Бабич подползает к двери и жмурится.
— Это жертвище и связанные с ним вещи, требище или как там еще по-другому называется, я везде и повсюду искал, но оно запрятано где-то внутри. Что делать, если они его прячут, как кошка свое дерьмо?
— Какое жертвище, зачем тебе его искать? — спрашивает Шайо.
— Вроде печи для обжигания извести.
— Сельской или механической?
— Это неважно, — говорит Бабич, — потому что, по сути дела, это нечто вроде плахи, где из живых делают мертвых, из единицы — ноль. Главное, что это идет от древних народов. В жертву приносили детей Молоху, Астарте, Ваалу, чтобы детской кровью омолодить усталые божества. Делают это и сейчас: жертвуют детей, иногда и своих, и себя тоже, чтобы омолодить свое яловое, усталое божество: Человечество, в сущности, не заслуживает никакого уважения.
— Ты все эти дни так хорошо помалкивал, — с угрозой в голосе замечает Шумич.
— Приходилось! — говорит Бабич.
— Хорошо бы тебе и дальше держать язык за зубами.
— Что касается дальнейшего, то у меня особое мнение.
— Ну-ка, послушаем!
— Будущее, — Бабич вертит головой, морщит нос, словно унюхал что-то гадкое, — не так прекрасно, как это себе представляют одни. Издалека им кажется, что оно прекрасно. С таким же успехом можно сказать, как это и делают другие, что прекрасно прошлое. Но я в их россказни не верю, пока не убедят меня самого.
— Давай условимся… — начинает Шумич.
— Если дашь сигарету — можно!
— Дам, но с условием.
— Тогда пусть лучше останется статус-кво, — говорит Бабич.
— Дам тебе две, только помолчи, пока не тронется поезд.
— А потом могу пофилософствовать?
— Можешь, потом не будет слышно. — И он протягивает ему сигареты.
Бабич закуривает и умолкает. Затягивается, выпускает дым, гримасничает. Мне кажется, он делает это нарочно, чтоб на него не смотрели.
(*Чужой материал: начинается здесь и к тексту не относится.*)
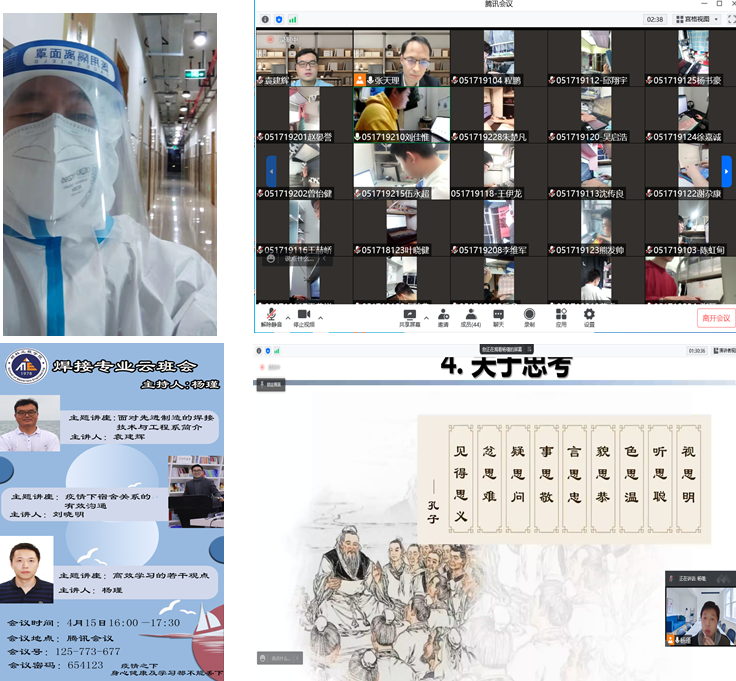 支部宣传委员杨瑾老师担任焊接系本科生的班主任,召开特殊时期的“云班会”。班会上,党员教师袁建辉同志为同学们作了“面向先进制造的焊接技术与工程系简介”的报告,刘晓明同志为同学们作了“疫情下宿舍关系的有效沟通”的报告,杨瑾同志为同学们作了“高效学习的若干观点”的报告。通过以上报告,帮助员工正确认识自己的专业,培养专业自豪感,同时从心理学的角度帮助同学们缓解疫情期间的心理压力,建立良好的室友关系,帮助同学们提高学习效率,培养了良好的学习习惯和思维模式。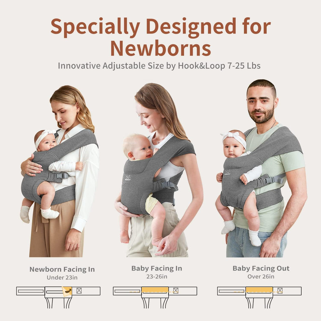 Babytrage: bequem für Neugeborene. Momtory bietet eine Win-Win-Transportlösung für Neugeborene mit einem strukturellen Design. Genießen Sie die Hände frei mit der Momtory Babytrage Innovatives Klettverschluss-Design für einfache Anpassung der Größe, wenn Ihr Kind wächst (Gewicht zwischen 3,2 und 11,3 kg), für eine bequemere Passform.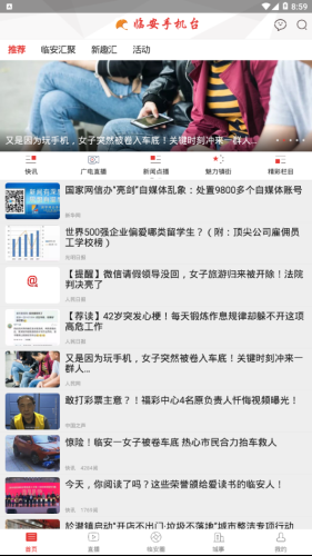 临安手机台app,临安的大大小小的内容都在这里。这是一个比较便捷的生活体验方式,各种功能都提供大家,广点直播,新闻点播都可以在这里看到。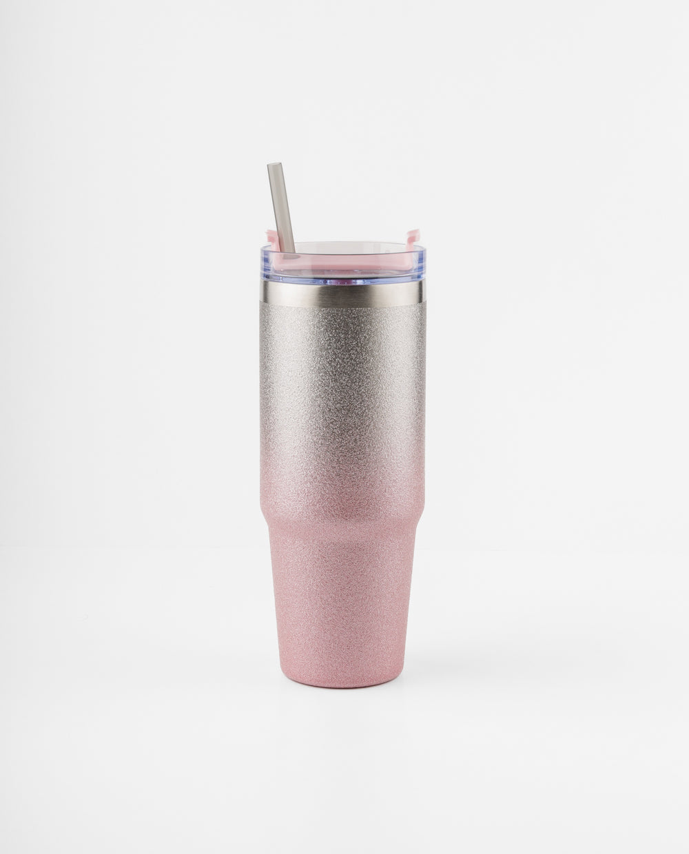 Este tomatodo metálico combina estilo y practicidad con un diseño en acabado glitter degradado rosa y plateado. Su estructura de acero inoxidable mantiene tus bebidas frías o calientes por más tiempo, mientras que su tapa hermética y la bombilla reutilizable lo hacen perfecto para usar en la oficina, la universidad o en tus salidas diarias. Un accesorio funcional que también refleja tu estilo en cada sorbo.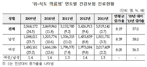 ±¹¹Î°Ç°º¸Çè°ø´Ü(ÀÌ»çÀå ¼º»óö)Àº 5ÀÏ 2009³âºÎÅÍ 2013³â±îÁö °Ç°º¸Çè Áø·áºñ Áö±ÞÀڷḦ ºÐ¼®ÇÑ °á°ú 'À§-½Äµµ ¿ª·ùº´(K21)'ÀÌ 4³â»õ 256¸¸8172¸í¿¡¼ 351¸¸9140¸íÀ¸·Î ¿¬Æò±Õ 8.19%¾¿ 37% Áõ°¡Çß´Ù°í ¹ßÇ¥Çß´Ù.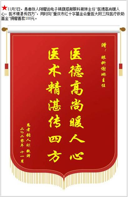 患者张人刚赠送电子锦旗感谢眼科谢琳主任,并向医疗救助基金捐赠善款100元-锦旗-患者心声-患者服务-重庆医科大学附属第三医院【官方网站】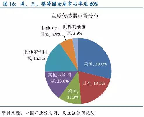 我国传感器有赖进口,技术差距仍明显。目前全球约有40个国家从事传感器研制、生产和应用开发,其中美、日、德等国的市场总占有率近60%,如德国海德汉、英国雷尼绍。相比下,我国传感器企业95%以上属小型企业,传感器技术水平偏低、研发实力较弱、规模偏小、产业集中度低。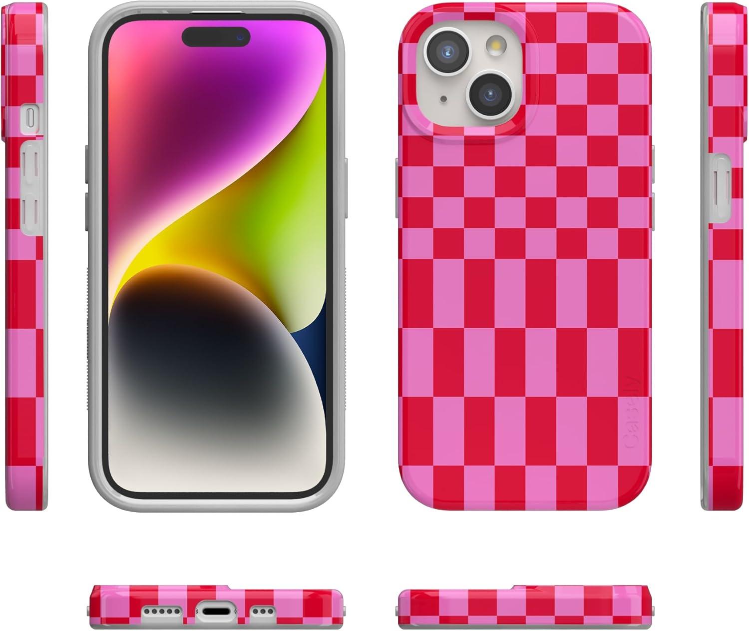 Casely iPhone 15 Plus Case | Vines of Love | Floral Heart | Compatible with MagSafe | Classic Ultra Thin Design(Vibe Check | Pink Checkerboard)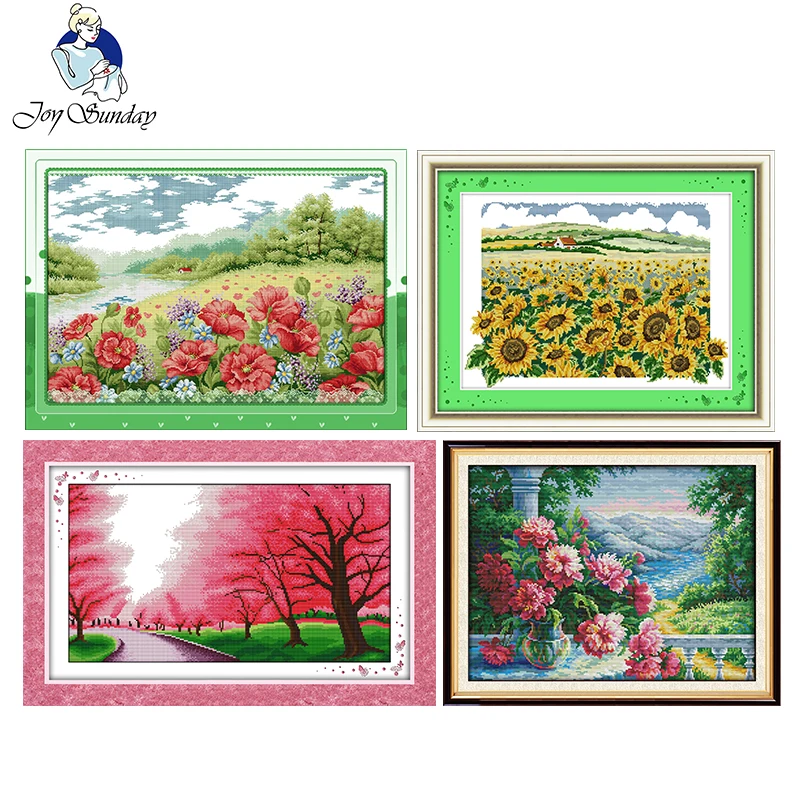 Четырехсезонные наборы для вышивки крестиком с цветами 11CT 14CT, р...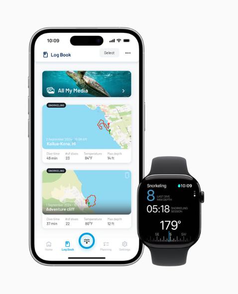 Oceanic+ app 现已适配 Apple Watch Series 10,且新增了多项浮潜功能。这款由 Apple 与 Huish Outdoors 合作开发的 app 可帮助用户轻松发现附近的人气浮潜场所;查看浮潜社区提供的海况信息;在进行浮潜时在单一视图内查看深度、水温等数据。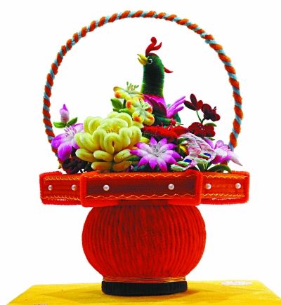 在旁边的三号馆工艺美术品类展厅里,同属观赏类玩具的绒鸟,让人一下子便置身一片五彩斑斓鸟类世界。绒鸟是北京著名的民间玩具,用金属丝密绞真丝呈绒毛状,制成各种飞禽走兽和人物造型,色泽明丽,质感独特。瞧,这淡黄色的真丝绒毛构成的一个个毛茸茸小球,便是假花丛中的小绒鸟,还有两只未长成的小翅膀,极为生动。在绒鸟传人李桂英的绒鸟作品《凤穿牡丹》里,一只艳丽的凤伫立于怒放的牡丹花丛中,格外喜庆,绒鸟这种民间玩具也渐成高档的室内观赏品。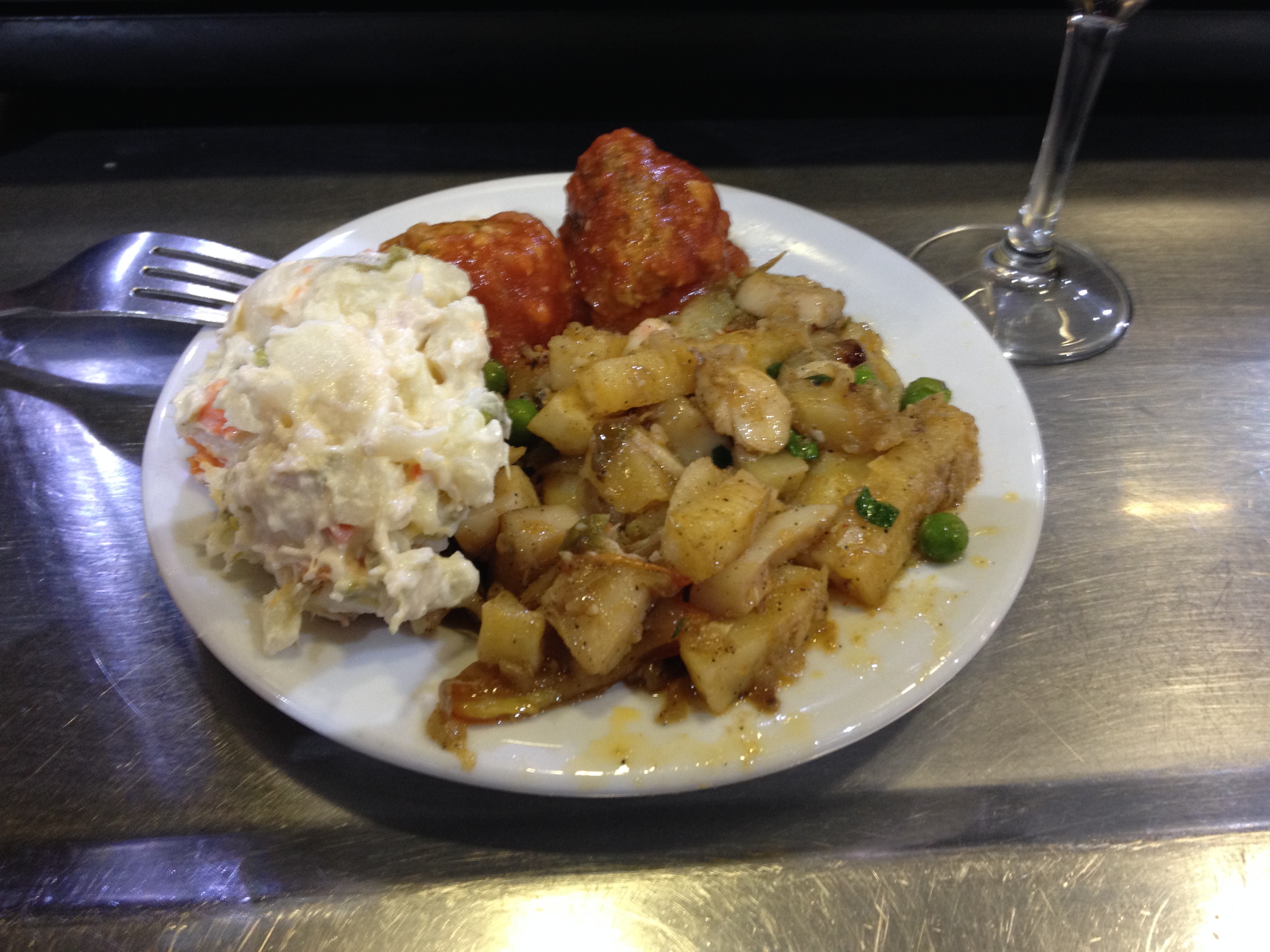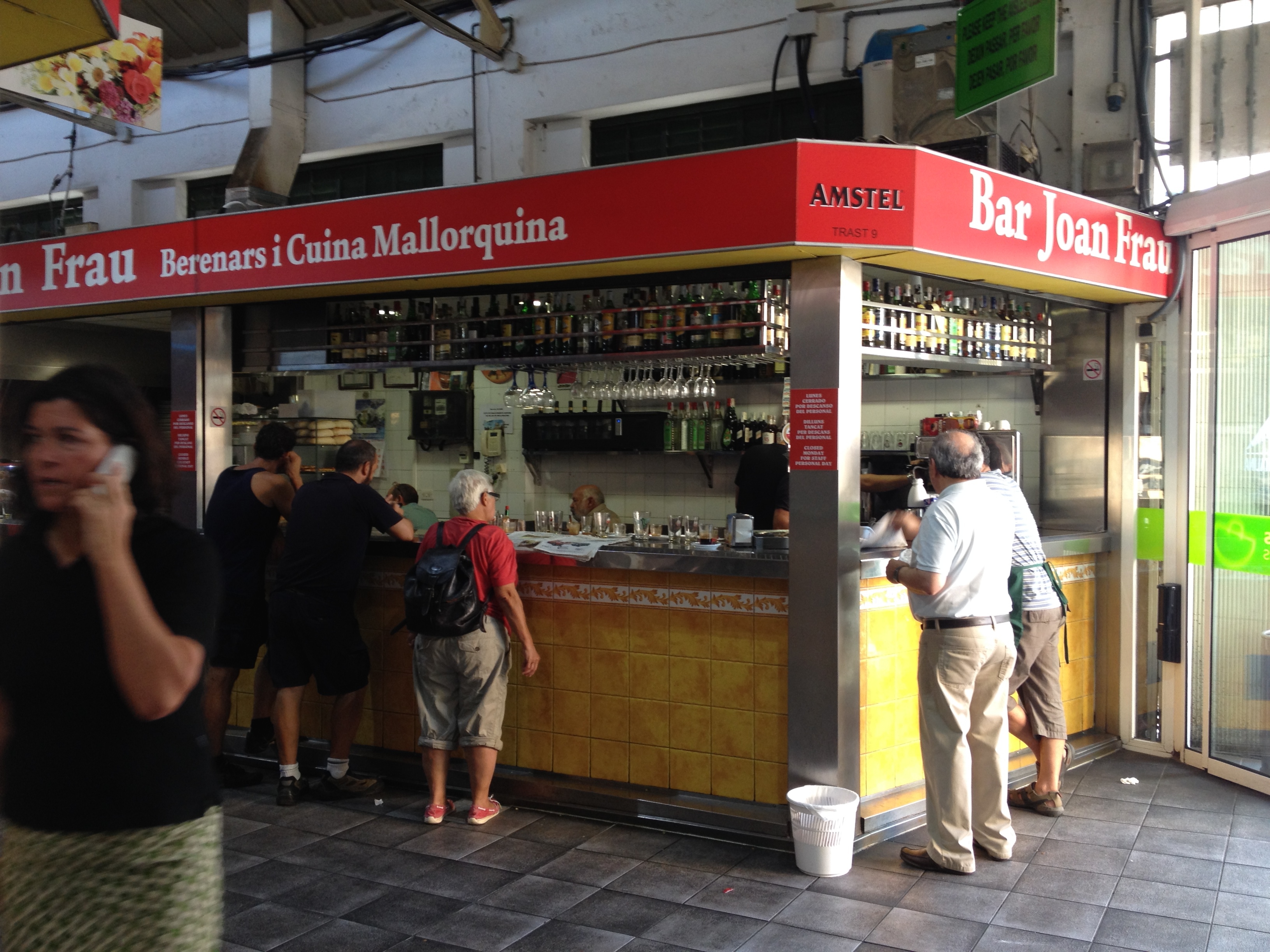 Zuallererst auf meiner „Lieblinge“-Liste kommt die Bar Joan Frau, die von Gabriel, Mario und Pedro betrieben wird. Diese Bar hat eine einmalige Atmosphäre und ganz exzellente Raciónes, das sind warme Speisen, die es in kleinen (Tapas) und mittleren Portionen (Raciónes) gibt. Auch Kombinationen sind beliebt (Variados) – auf dem Foto eine Ración aus drei Tapas: Ensaladilla Rusa (Eiersalat), Albóndigas (Fleischbällchen) und Frito de Sepia. Viele Mallorkiner essen sowas schon zum Frühstück und das geht sehr gut, zusammen mit einem Glas Vino tinto.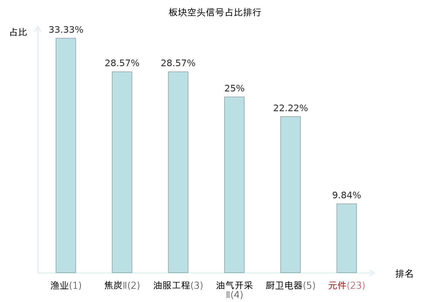 全市场所有行业板块中主力空头信号占比排名中,渔业板块位居第一。农产品加工板块名次提升最快,较昨日上升112位。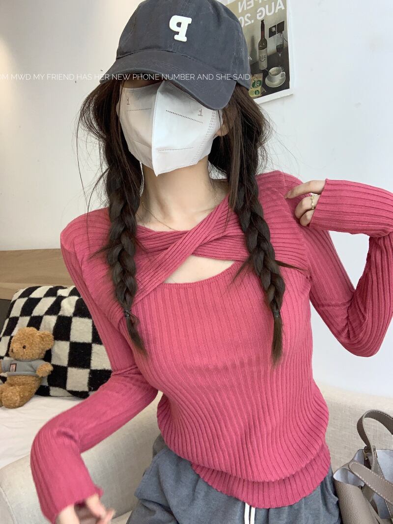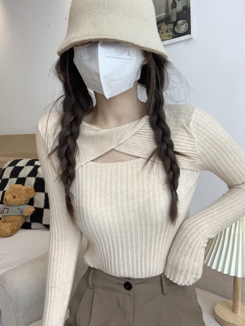 ニット トップス カジュアル 無地 大人可愛い シンプル 長袖 レディース 韓国ファッション セクシー スリム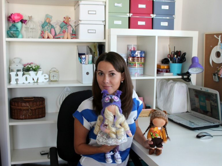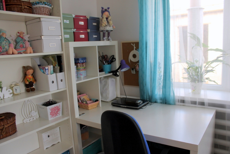 Здесь мне очень уютно работать, подбирать ткани и декор для моих девочек.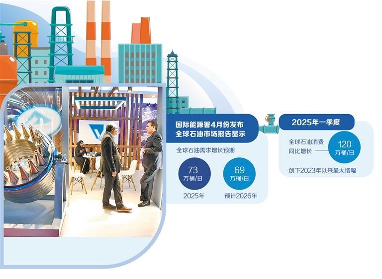 报告显示,2025年一季度,全球石油消费同比增长120万桶/日,创下2023年以来的最大增幅。3月份全球石油供应环比增长59万桶/日,达到1.036亿桶/日,其中由石油输出国组织(欧佩克)成员国和非欧佩克产油国组成的“欧佩克+”以外的产油国主导了月度石油供应增量。国际能源署最新预计,2025年全球石油产量增长约为120万桶/日,较此前预期下调了26万桶/日,预计2026年全球石油产量增长为96万桶/日,主要来自近海油田产量增加。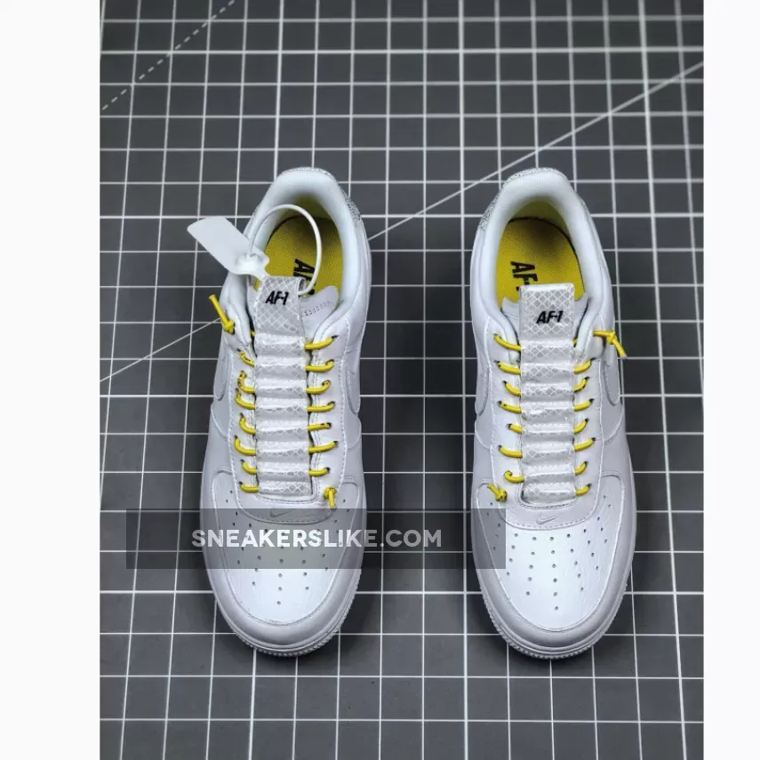 A hard hat isn’t included with this Air Force 1 Lux, but its inspiration comes directly from the high-vis safety elements of construction site workwear. Elastic cord laces and a tongue pull tab allow for easy on and off—a feature particularly useful during those winter months when thick gloves can cause you to fumble with traditional laces. The sneaker’s starkest contrast, however, is visible when it’s darkest. Reflective material—like you’d see on a construction vest—on the tongue webbing shines on against any light when the rest of the sneaker isn’t detectable. AF-1 branding at the top of the reflective webbing, however, ensures everyone knows what you’re really rocking: A re-imagined classic ready to stand out.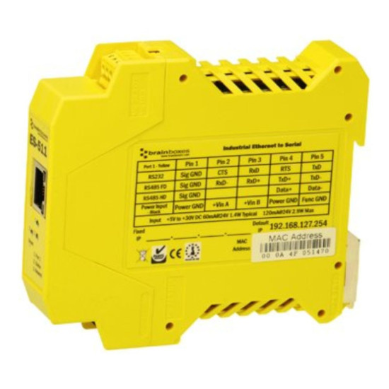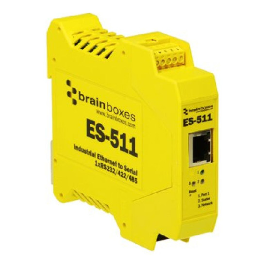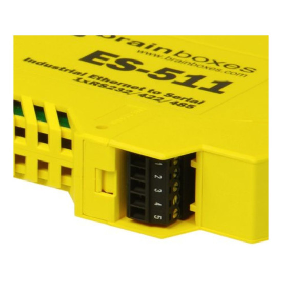 Ethernet to Serial Device with 1 Port software selectable as RS232, RS422/485 Full duplex or RS422 Half duplex. ES-511 has removable Screw Terminals Blocks for easy wiring, a slim 'end on' case and integral DIN rail mount. Our Industrial Ethernet to Serial has an operating temperature range of -30 to +80 degrees Celsius and with +5VDC to +30VDC Dual input reverse polarity protected power supply making it perfect for industrial applications. Data transfer rates up to 1,000,000 baud, coupled with 1Mbit/s line drivers deliver uncompromising performance. Our Industrial ES range provides simple instant networked serial ports in demanding environments. Serial Port Tunneling allows serial cable replacement over any distance, no software required. Suitable to be wired into existing power and network infrastructure or can be used with our PW-600 power supply.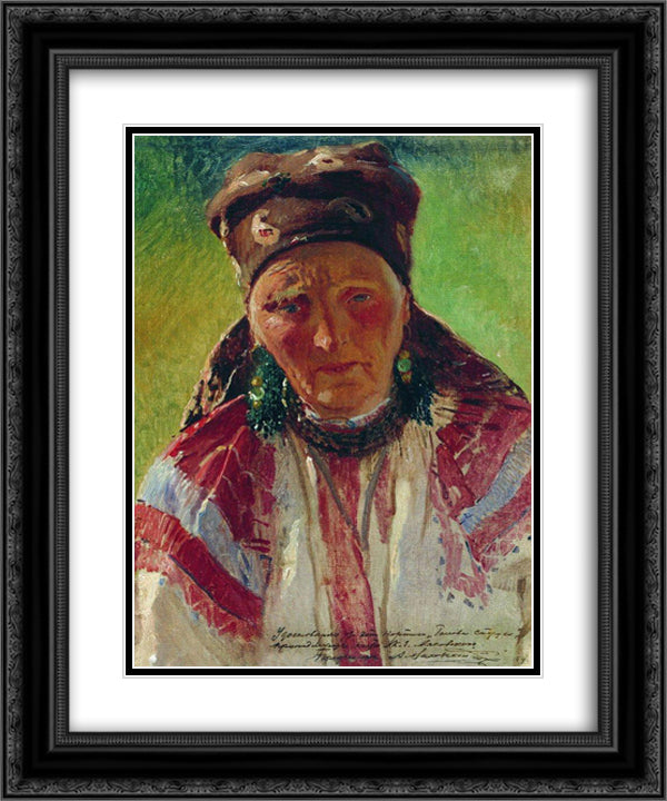 Head of the Old Woman 20x24 Black Ornate Wood Framed Art Print Poster with Double Matting by Makovsky, Konstantin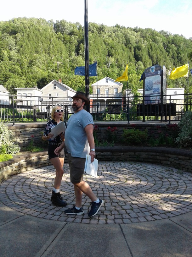 I took this picture after walking to the Society to purchase some post cards (regular readers know I like to send post cards to people). I thought it would inspire me. You see, I began writing a murder mystery for the Historical Society centering around this very hole in the ground (ooh, I just thought of a good title for this post!). Full disclosure: I began to write it last year for our fall show but felt it was too complicated a plot for my brain at the time. I wrote Lights, Camera, Murder! instead, which I think worked out pretty well. More recently I came across the notes for the other and was surprised by how much I had written on it. I said, “Heeyyyy!” or some such expression.

Поезд трогается без сигнала. Тихо скользит, словно крадется, набирая постепенно скорость. Я останавливаюсь у окна и смотрю, куда мы едем. У Сеняка поезд замедляет ход, колеблется, тормозит, спотыкается и наконец решительно поворачивает на юг. Видны Топчидер, его тополя, среди зелени кое-где проглядывают крыши. Это кажется невероятным, но нас действительно везут в Грецию. Туда, куда раньше водили наших невольников. Едем не останавливаясь, и это будит одновременно и надежду и страх — я не предполагал, как они зависят друг от друга. Чтобы утихомирить страх, приходится сначала обесценить надежду, это по крайней мере не так уж трудно. И я насмешливо себя спрашиваю: «Значит, ты ждешь, что тебя в Греции осчастливят…» Если там один лагерь, я разыщу Миню Билюрича; если он мне поверит, что я не виноват в том, что остался жив и попал в такую пеструю компанию, то мы сделаем какой-нибудь подкоп и вместе с другими пострадавшими от кораблекрушения, с погорельцами и пасынками нашей мачехи-отчизны и партии, нападем на немцев с тыла, так что им будет тошно…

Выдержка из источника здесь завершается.